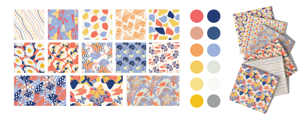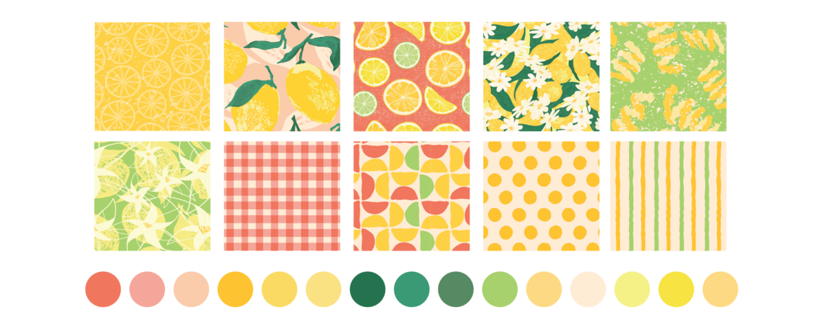 Zesty Escape reflects my love for the vibrant energy of citrus fruits. Inspired by the tangy burst of a lemon or lime, this collection captures that fresh, creative spark. With bold fruit motifs, playful swirls, and sunny colors, it brings simple joy and a sense of renewal to everyday life. Whether through kitchen textiles, decor, or summer accessories, I hope these designs inspire warmth, lightness, and endless possibilities.
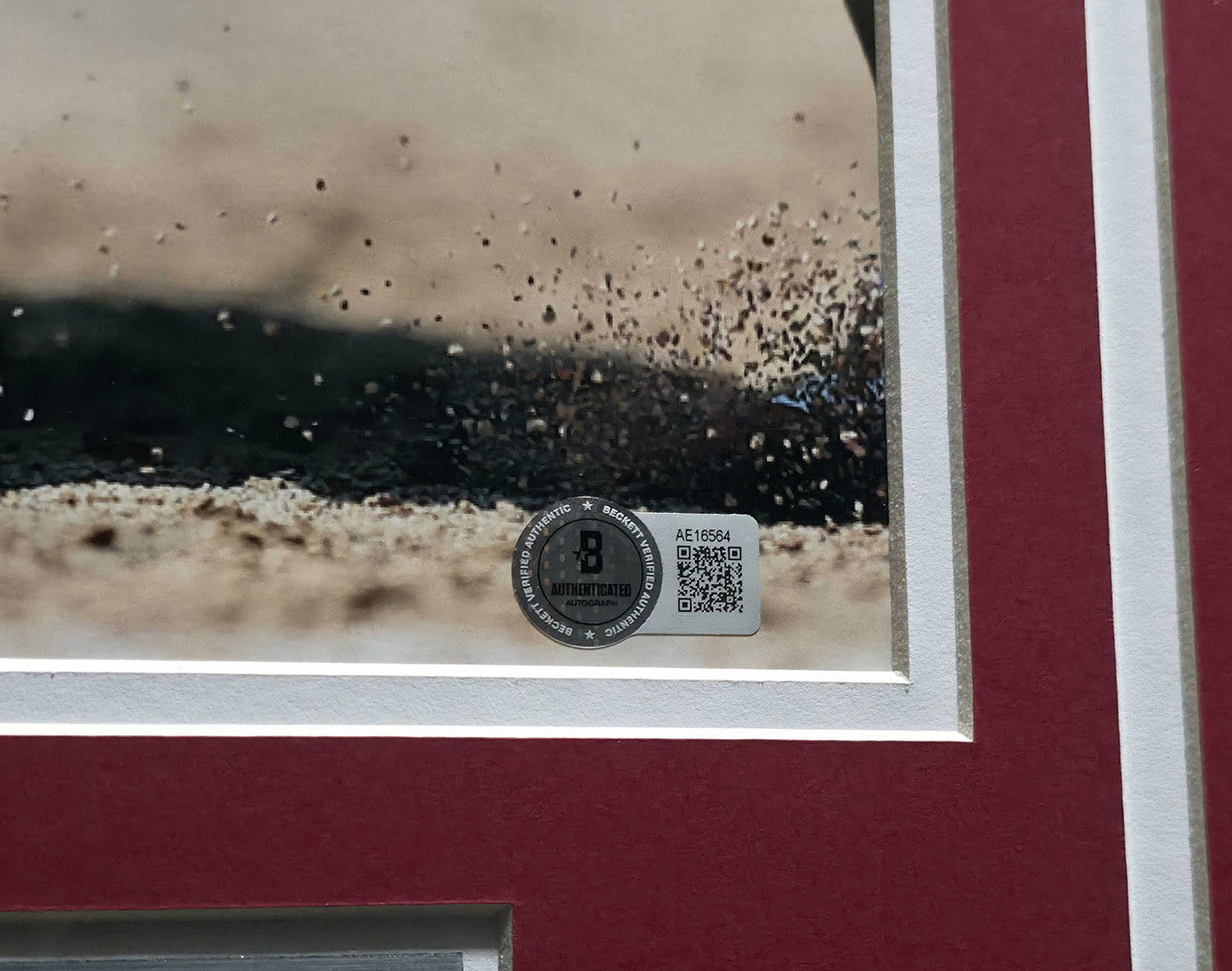 This hand-signed photo is authenticated by Beckett Authentication Services (BAS #AE16564), ensuring 100% authenticity. The professionally framed display makes it ready to showcase in your home, office, or sports room.
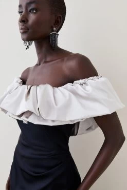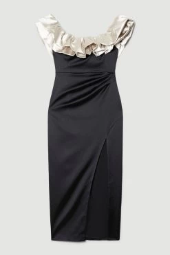 Channel runway-worthy drama in this statement Bardot maxi dress. Featuring an extravagant ruffle design and a high leg slit, this dress can be further elevated with accessories and heels for an event-ready look.

━━━━━━━━

» EXERCISE AIM
Restate the listing word for word, pictures omitted.

» EXERCISE RESPONSE
 Zesty Escape reflects my love for the vibrant energy of citrus fruits. Inspired by the tangy burst of a lemon or lime, this collection captures that fresh, creative spark. With bold fruit motifs, playful swirls, and sunny colors, it brings simple joy and a sense of renewal to everyday life. Whether through kitchen textiles, decor, or summer accessories, I hope these designs inspire warmth, lightness, and endless possibilities.
 This hand-signed photo is authenticated by Beckett Authentication Services (BAS #AE16564), ensuring 100% authenticity. The professionally framed display makes it ready to showcase in your home, office, or sports room.
 Channel runway-worthy drama in this statement Bardot maxi dress. Featuring an extravagant ruffle design and a high leg slit, this dress can be further elevated with accessories and heels for an event-ready look.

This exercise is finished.